On the closing months of 2019 I decided to take a rest from sexwork due to a mix of personal issues, wanting to rebrand in order to restart in London with a better presence and a bit of a burnout from living in Barcelona. I had enough savings to get me through several months and to pay for the move, so there I went.

Breaks are a good thing to take from time to time, not because I think the job is bad but because I put so much energy and emotional labour into it. Every year I get more intimate and make it more personal. When I started I could see “anyone” and perform almost “anything” for money, except the clear red lines. Money is money, and a job is a job, right?. Well, that idea has changed since then and now I work differently.

I went to the UK, settled myself in a small house outside London and started to fix my website. Surely in a few weeks I’d be working as normal. I was already eager to start!

And then, a virus hit the world.

Since I had my savings and by then it looked like it would be a matter of one or two months I could certainly wait, paint more, relax and just stay at home until it ended and I could go back to work again. I saw colleagues quickly turning online to places like OF or AVN in order to make a living. I didn’t like the idea and seemed like a lot of work so I just thought that putting those hours in my small business would surely help growing it.

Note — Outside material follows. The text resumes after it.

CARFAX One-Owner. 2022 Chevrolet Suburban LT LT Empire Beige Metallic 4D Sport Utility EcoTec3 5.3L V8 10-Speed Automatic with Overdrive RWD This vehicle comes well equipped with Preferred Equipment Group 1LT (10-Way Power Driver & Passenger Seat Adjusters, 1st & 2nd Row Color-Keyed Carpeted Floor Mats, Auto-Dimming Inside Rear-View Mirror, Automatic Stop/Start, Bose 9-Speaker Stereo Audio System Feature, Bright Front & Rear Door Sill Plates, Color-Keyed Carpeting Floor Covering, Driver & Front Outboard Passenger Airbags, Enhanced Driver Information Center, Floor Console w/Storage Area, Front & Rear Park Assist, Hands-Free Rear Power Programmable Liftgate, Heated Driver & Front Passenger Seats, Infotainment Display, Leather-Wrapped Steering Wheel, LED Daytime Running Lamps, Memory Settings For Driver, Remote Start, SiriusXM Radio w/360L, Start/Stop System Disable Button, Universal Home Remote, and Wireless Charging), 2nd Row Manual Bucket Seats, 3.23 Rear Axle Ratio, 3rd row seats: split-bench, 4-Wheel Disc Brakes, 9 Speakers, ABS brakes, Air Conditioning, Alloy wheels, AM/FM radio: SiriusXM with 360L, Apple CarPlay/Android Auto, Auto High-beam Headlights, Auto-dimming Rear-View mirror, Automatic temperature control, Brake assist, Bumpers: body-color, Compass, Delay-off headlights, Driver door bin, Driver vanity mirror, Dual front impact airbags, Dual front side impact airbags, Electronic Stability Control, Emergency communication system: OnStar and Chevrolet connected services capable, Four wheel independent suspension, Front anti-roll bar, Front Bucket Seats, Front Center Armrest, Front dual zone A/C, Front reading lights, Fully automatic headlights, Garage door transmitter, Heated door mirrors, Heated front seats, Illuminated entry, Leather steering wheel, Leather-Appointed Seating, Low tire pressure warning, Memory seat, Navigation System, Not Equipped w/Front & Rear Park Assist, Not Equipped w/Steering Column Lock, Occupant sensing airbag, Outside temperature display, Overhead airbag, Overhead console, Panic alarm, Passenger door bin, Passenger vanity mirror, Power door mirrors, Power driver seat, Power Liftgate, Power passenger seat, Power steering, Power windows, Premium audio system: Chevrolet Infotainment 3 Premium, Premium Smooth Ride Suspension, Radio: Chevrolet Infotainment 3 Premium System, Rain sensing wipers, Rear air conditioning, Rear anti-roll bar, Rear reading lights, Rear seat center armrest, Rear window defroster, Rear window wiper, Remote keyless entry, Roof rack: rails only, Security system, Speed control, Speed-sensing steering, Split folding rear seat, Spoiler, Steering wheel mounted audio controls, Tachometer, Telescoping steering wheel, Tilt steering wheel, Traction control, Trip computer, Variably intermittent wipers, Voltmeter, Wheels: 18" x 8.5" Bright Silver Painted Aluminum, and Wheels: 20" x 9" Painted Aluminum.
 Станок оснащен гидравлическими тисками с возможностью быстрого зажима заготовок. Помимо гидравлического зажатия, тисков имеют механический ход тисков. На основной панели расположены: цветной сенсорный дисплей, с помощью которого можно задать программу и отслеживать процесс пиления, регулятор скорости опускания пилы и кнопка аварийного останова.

I did have some webcam experience in the past but I don’t think it could account to anything since it was only three months, I was very new and inexperienced at sexwork, didn’t enjoy it and just thought that it wasn’t for me. Well, I was right. I don’t enjoy online sexwork and it hurts me more than it helps.

Eventually I just gave up the thought that I could be back to work in a few months and decided to create an account on AVN. I refused to use OnlyFans as they have been savagely anti-sexworkers, deplatforming them and stealing their earnings just because they dared to offer in-person meetings, even if it was not on their site. On top of that they had tons of reports for problems with payments and it felt like a very risky choice.

So the time of transitioning to online sexwork started for me and I thought about what could I bring to the table amidst a pandemic having heavily multiplied the online presence of everyone. With a saturated market, I should offer something unique and different… right? I have always loved niche markets.

There I went, with my naked reading videos, painting, talking, playing silly… Some of you already know me, I like to have fun and love what I do, whatever it is, else I couldn’t do it. But I didn’t realise I had gotten so personal over my work throughout the years and that was not helping here. More on that later.

The first week I was excited, I recorded plenty of things, did photo sessions with my new selfie stick, loved the result, uploaded everything and went onto marketing it on my Twitter. Got a few subscribers, sent some free trials to clients who had helped me already, etcetera.

It went well until it exploded. After my third session of recording I had a meltdown. I couldn’t bear with it anymore. I couldn’t even market that new content I had made that day (it’s still there untouched, unpublished). I decided it was time to quit something I hadn’t been liking all along, and I already knew that time was going to eventually come.

At the start of this post I mentioned that every year I get more intimate and make it more personal, so this was actually the problem. I don’t want to imply that online work is cold, because it’s different for every person who does it, and some people can find warmness in it, but I don’t. I can’t.

What I love from dating in person is that I get to see people’s faces the moment we talk about or do something they like, or during sex. I get to see real life reactions, interact with that, work with that. I get to know people when they’re vulnerable, intimate, real, themselves. And I love that.

When I got subscribers to my online work (don’t get me wrong, I thank a lot each of them) I couldn’t feel that. I did know some of them in person already, but about the rest, I hadn’t a clue of who they were, what things they liked, what reactions would they have to my content. It was like if I was acting inside one of those rooms with a mirror that can be seen from the other side, but you can’t see through them who’s looking at you and how they react. It felt cold, impersonal. I simply couldn’t “connect” and I base all my work on the connections I can make with the people I meet.

All this was damaging my mental stability and self-esteem. It had to stop and I knew it. I started moving around old contacts and got a little gig that could keep me up for these months, and then stopped updating my AVN. I didn’t market it further on Twitter, sent apology letters to subscribers, offered to email them the unpublished content unedited in bulk and we called it quits. I still feel bad for being “unprofessional” for not being able to continue a project I started, but I think my mental health goes first.

Ironically, when I went to cash in my little earnings my bank refused to take the payment so I’m glad I did the change because if I had decided to continue I wouldn’t have earned money that month after all the mental work I needed to put there and that would have made things severely worse.

I’m still on Twitter as always, I’ll be still uploading my usual selfies and such and waiting for the pandemic to ease a lot in order to work again in the way I do enjoy to work. But I’m happy that I could experience different things, learn that they are not for me and have an increased appreciation for all the effort that sexworkers put into going online. It’s a ton of work, it doesn’t look like it is from the outside and I’m sick of hearing “all you have to do is take a few pics and money rains on you”. It doesn’t work that way. It’s real work. It’s hard work. It’s mental effort. It can take a toll. Please respect it. Value it. Pay for it.